### EXERCISE OBJECTIVE
Write out the data word for word and drop any picture you find.

### DATA BLOCK
______________________________

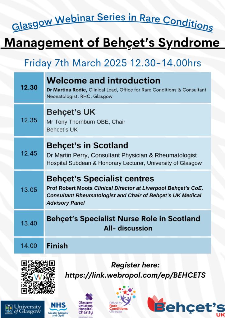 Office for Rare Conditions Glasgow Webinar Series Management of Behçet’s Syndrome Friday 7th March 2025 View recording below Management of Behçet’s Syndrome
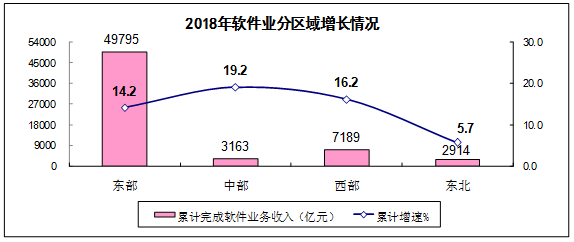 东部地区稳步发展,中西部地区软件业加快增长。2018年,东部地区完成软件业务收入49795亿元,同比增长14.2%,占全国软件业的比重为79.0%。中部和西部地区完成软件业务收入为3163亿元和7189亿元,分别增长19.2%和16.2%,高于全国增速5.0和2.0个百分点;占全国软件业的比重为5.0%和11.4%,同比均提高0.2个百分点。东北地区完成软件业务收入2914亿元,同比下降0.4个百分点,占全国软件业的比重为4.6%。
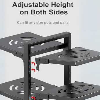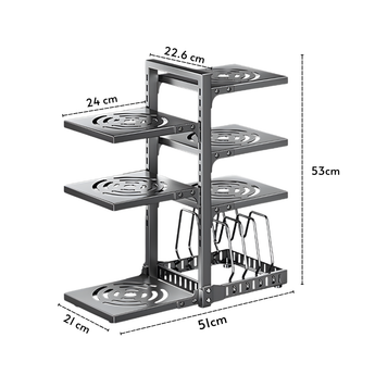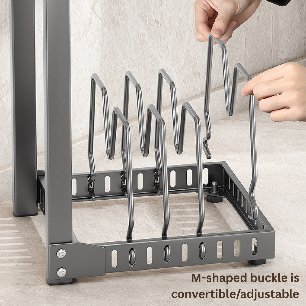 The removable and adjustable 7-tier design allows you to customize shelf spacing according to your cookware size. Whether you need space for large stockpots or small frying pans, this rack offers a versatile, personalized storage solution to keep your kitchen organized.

______________________________

### RESPONSE AREA
 Office for Rare Conditions Glasgow Webinar Series Management of Behçet’s Syndrome Friday 7th March 2025 View recording below Management of Behçet’s Syndrome
 东部地区稳步发展,中西部地区软件业加快增长。2018年,东部地区完成软件业务收入49795亿元,同比增长14.2%,占全国软件业的比重为79.0%。中部和西部地区完成软件业务收入为3163亿元和7189亿元,分别增长19.2%和16.2%,高于全国增速5.0和2.0个百分点;占全国软件业的比重为5.0%和11.4%,同比均提高0.2个百分点。东北地区完成软件业务收入2914亿元,同比下降0.4个百分点,占全国软件业的比重为4.6%。
 The removable and adjustable 7-tier design allows you to customize shelf spacing according to your cookware size. Whether you need space for large stockpots or small frying pans, this rack offers a versatile, personalized storage solution to keep your kitchen organized.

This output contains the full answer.